Em seis meses, mais de 250 mil pessoas fugiram do Mali. Estão em campos de refugiados ou nos subúrbios das cidades em países como o Níger, Burkina Faso ou Senegal.

É o caso de uma família, refugiada em Dakar, convicta de que os ocupantes do norte podem fazer o mesmo aos países vizinhos:

“A crise do Mali desencadeou-se inesperadamente. Destruiram brutalmente o país. Agora o norte está controlado por extremistas que são muito perigosos, e outros países correm o risco de lhes acontecer o mesmo, como o Níger, a Argélia, o Burkina Faso, o Senegal. Nenhum está a salvo de que o mesmo lhe suceda.”

Os jihadistas vieram do Paquistão, do Afeganistão e da Argélia, ameaçando esta região do mundo onde as fronteiras são mais do que porosas.

A comunidade internacional tenta apagar o incêndio, mas hesita. O Conselho de Segurança da ONU vai submeter a votação uma resolução para uma intervenção africana no Mali, e a CEDEAO, a Comunidade Económica dos Estados da África Ocidental está disposta a intervir.

Para o jornalista Hassane Samba Diop o tempo escasseia. Ansar Dine declarou a vontade de exportar a guerra às capitais vizinhas, em caso de intervenção militar internacional.

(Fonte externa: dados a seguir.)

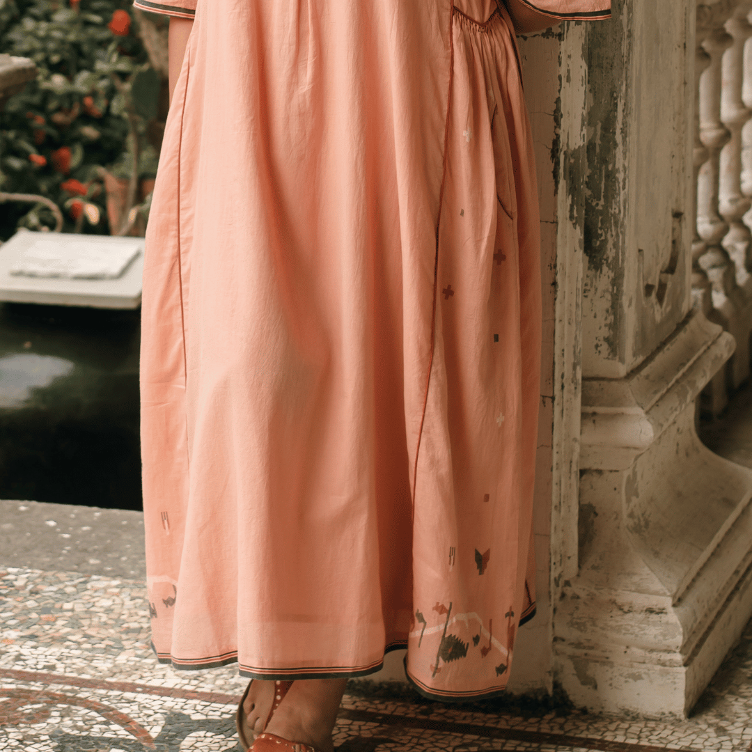 An extra weft weaving technique to create special motif designs into the base fabric. Evocative of exquisite craftsmanship, every design is carefully planned and woven into sheer soft cotton threads. An intricate Jamdhani weaving technique going back thousands of years.

“Há paquistaneses, afegãos e argelinos nesta cisão de Malí que se está a converter em crise internacional. A comunidade internacional devia intervir no norte do Mali e arranjar as coisas para o próprio interesse. Os islamistas instalaram a Charia nessa zona, o que pode ter consequências nefastas para o continente africano e através do continente africano, para todo mundo”.

O principal foco de inquietude é o receio de contágio do radicalismo salafista. Há cidadãos senegaleses no Movimento pela Unidade e na Jihad da África Ocidental. As autoridades estão em alerta, porque há muitos responsáveis políticos e académicos a defenderem a instauração da Charia onde, até agora, tão bem coabitaram o islão, cristianismo e o animismo.

É o caso do professor e investigador Khadim Mbacke:

“O problema dos países africanos, em geral, é que a vontade da população nem sempre é tida em conta. Se a população é muçulmana, a regra é aplicar a Charia”.

Francois Chignac, euronews:

“Em Dakar reina uma atmosfera estranha. As autoridades tentam apaziguar, mas o sentimento de medo generaliza-se.”.